◆ **EXERCISE PROMPT**
Shown below is a listing with pictures; reproduce exactly, and only, the lines between the ones containing "Paso 8: R5 y" and "Meteoroloji Genel Müdürlüğü, sağanak", inclusive, leaving the pictures out.

◆ **LISTED ENTRIES**
=== Begin Enclosure ===
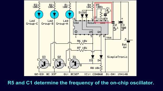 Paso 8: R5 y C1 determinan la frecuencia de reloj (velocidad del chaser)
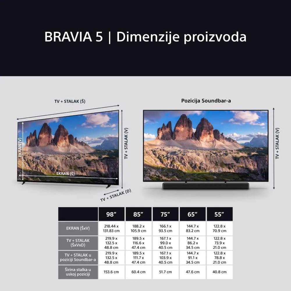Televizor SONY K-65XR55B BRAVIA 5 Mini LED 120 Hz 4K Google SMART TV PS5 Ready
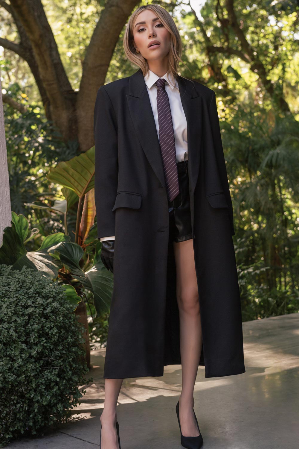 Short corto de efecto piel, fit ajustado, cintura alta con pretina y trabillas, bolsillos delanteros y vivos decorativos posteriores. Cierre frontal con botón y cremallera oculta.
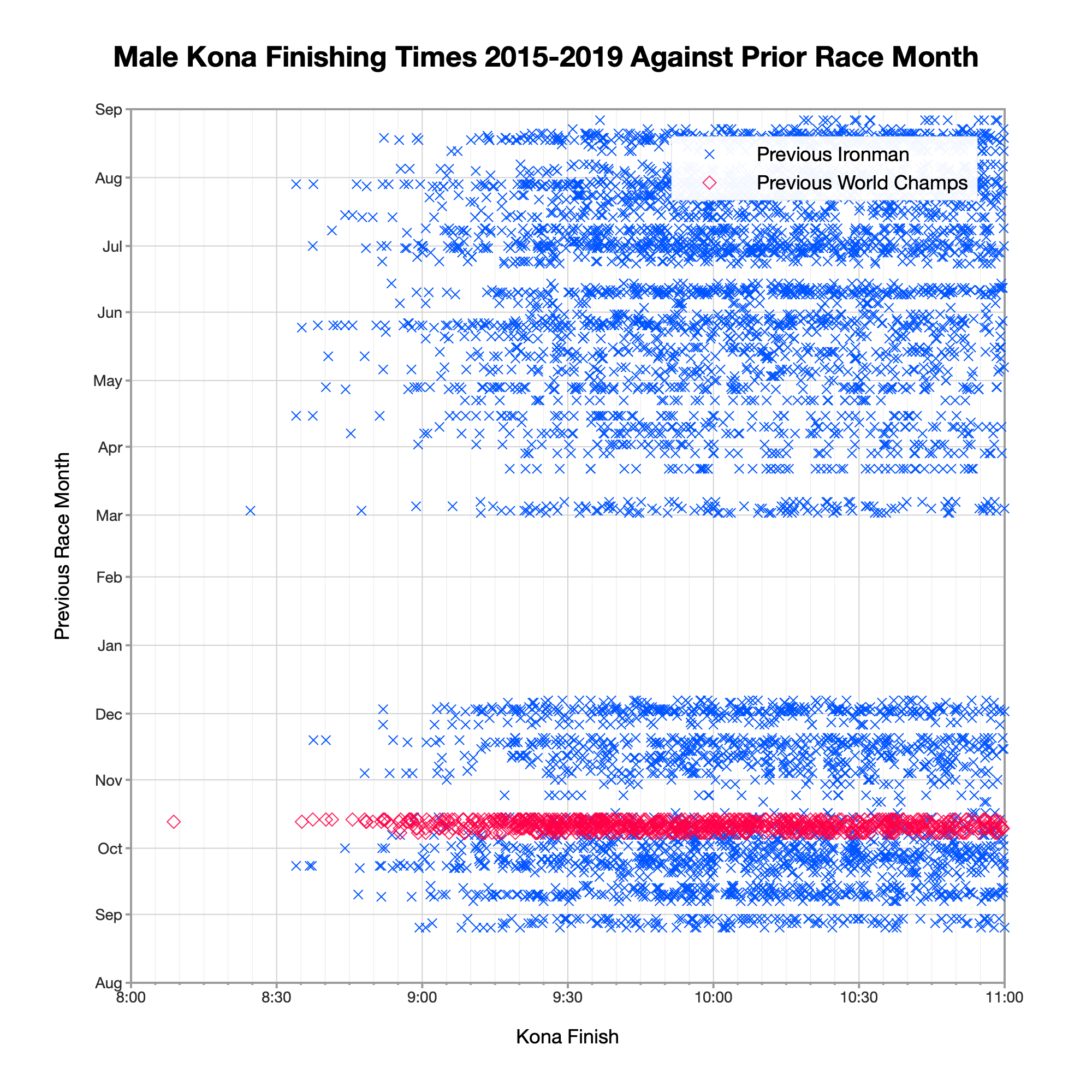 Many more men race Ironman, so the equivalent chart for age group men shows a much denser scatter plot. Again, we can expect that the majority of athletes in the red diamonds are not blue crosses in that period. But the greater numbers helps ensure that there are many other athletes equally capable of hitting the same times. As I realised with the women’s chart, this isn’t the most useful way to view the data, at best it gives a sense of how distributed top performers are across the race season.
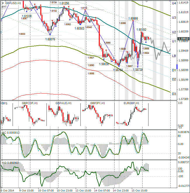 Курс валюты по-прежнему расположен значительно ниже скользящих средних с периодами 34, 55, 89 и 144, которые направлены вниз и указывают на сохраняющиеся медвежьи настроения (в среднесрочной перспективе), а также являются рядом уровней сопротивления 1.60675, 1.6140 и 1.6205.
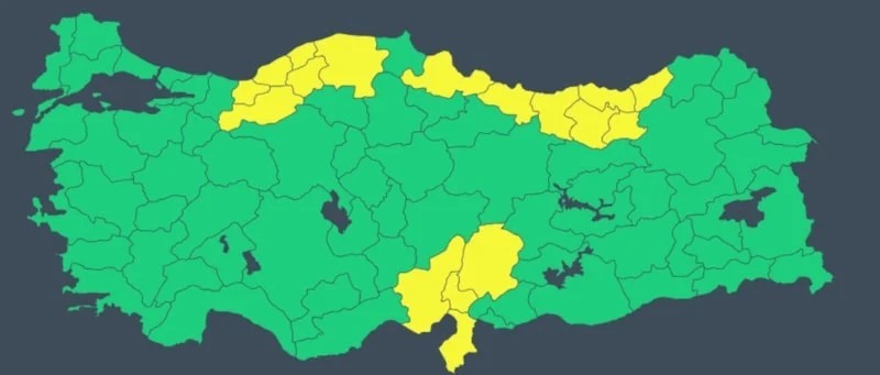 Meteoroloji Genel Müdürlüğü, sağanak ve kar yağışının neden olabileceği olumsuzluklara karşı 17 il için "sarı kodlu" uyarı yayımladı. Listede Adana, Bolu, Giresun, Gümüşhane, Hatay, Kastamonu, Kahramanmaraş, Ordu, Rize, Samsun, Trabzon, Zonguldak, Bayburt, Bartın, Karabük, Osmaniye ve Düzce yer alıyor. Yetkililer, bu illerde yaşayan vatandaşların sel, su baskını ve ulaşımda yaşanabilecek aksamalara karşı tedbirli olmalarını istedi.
=== End Enclosure ===
=== Begin Enclosure ===
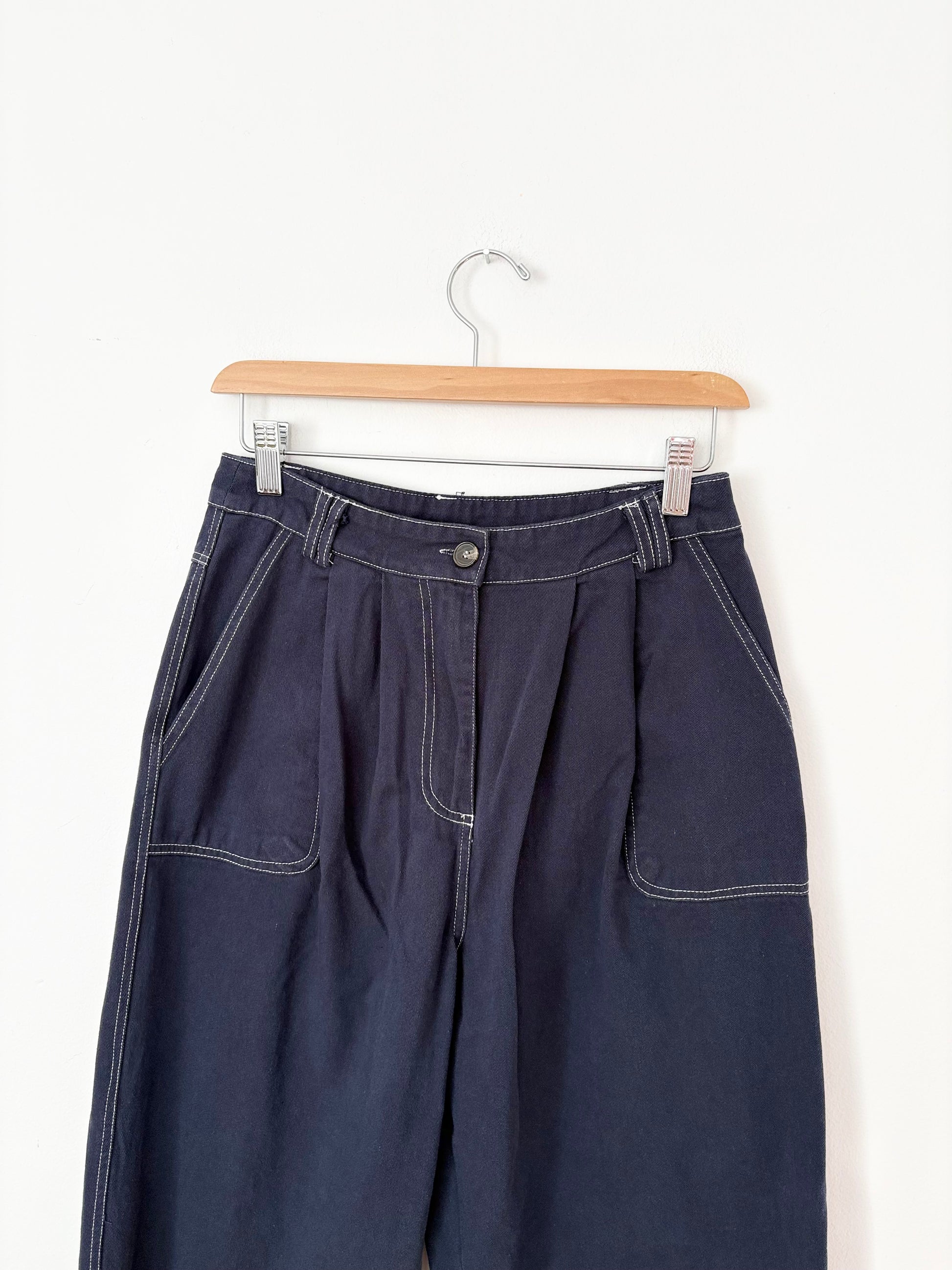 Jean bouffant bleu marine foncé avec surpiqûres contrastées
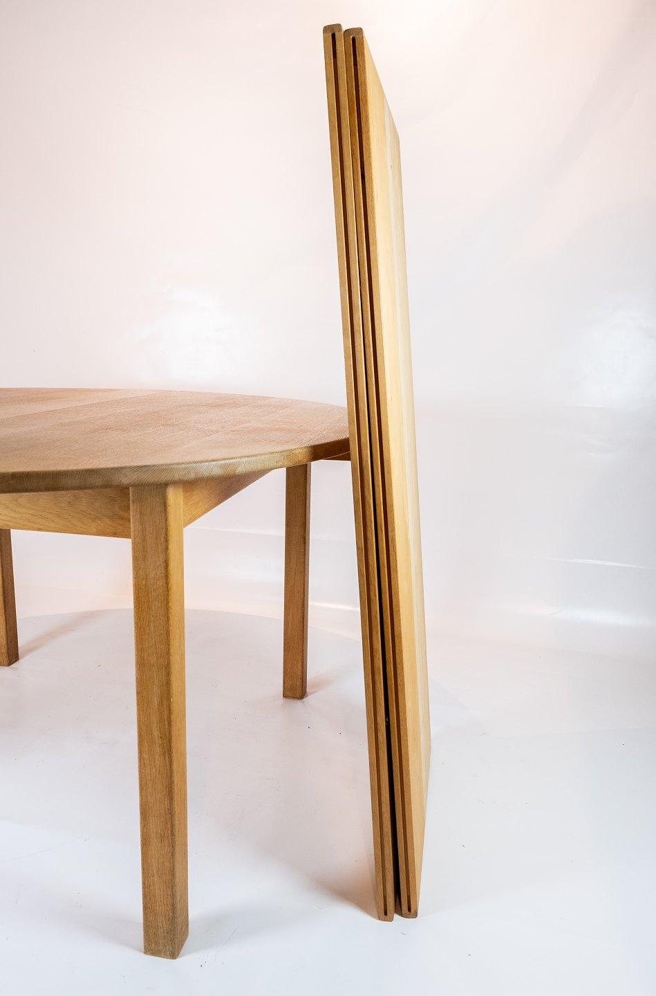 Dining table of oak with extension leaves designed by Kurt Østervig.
=== End Enclosure ===
=== Begin Enclosure ===
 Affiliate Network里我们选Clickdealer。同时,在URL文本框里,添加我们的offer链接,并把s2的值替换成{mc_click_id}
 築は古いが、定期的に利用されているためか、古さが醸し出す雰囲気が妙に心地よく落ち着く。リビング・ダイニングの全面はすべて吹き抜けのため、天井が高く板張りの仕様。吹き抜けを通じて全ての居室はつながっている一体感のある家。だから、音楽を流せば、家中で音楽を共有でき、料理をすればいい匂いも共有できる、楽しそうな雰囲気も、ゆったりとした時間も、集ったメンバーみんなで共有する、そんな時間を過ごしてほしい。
=== End Enclosure ===
◆ **WRITTEN RESPONSE**
 Paso 8: R5 y C1 determinan la frecuencia de reloj (velocidad del chaser)
Televizor SONY K-65XR55B BRAVIA 5 Mini LED 120 Hz 4K Google SMART TV PS5 Ready
 Short corto de efecto piel, fit ajustado, cintura alta con pretina y trabillas, bolsillos delanteros y vivos decorativos posteriores. Cierre frontal con botón y cremallera oculta.
 Many more men race Ironman, so the equivalent chart for age group men shows a much denser scatter plot. Again, we can expect that the majority of athletes in the red diamonds are not blue crosses in that period. But the greater numbers helps ensure that there are many other athletes equally capable of hitting the same times. As I realised with the women’s chart, this isn’t the most useful way to view the data, at best it gives a sense of how distributed top performers are across the race season.
 Курс валюты по-прежнему расположен значительно ниже скользящих средних с периодами 34, 55, 89 и 144, которые направлены вниз и указывают на сохраняющиеся медвежьи настроения (в среднесрочной перспективе), а также являются рядом уровней сопротивления 1.60675, 1.6140 и 1.6205.
 Meteoroloji Genel Müdürlüğü, sağanak ve kar yağışının neden olabileceği olumsuzluklara karşı 17 il için "sarı kodlu" uyarı yayımladı. Listede Adana, Bolu, Giresun, Gümüşhane, Hatay, Kastamonu, Kahramanmaraş, Ordu, Rize, Samsun, Trabzon, Zonguldak, Bayburt, Bartın, Karabük, Osmaniye ve Düzce yer alıyor. Yetkililer, bu illerde yaşayan vatandaşların sel, su baskını ve ulaşımda yaşanabilecek aksamalara karşı tedbirli olmalarını istedi.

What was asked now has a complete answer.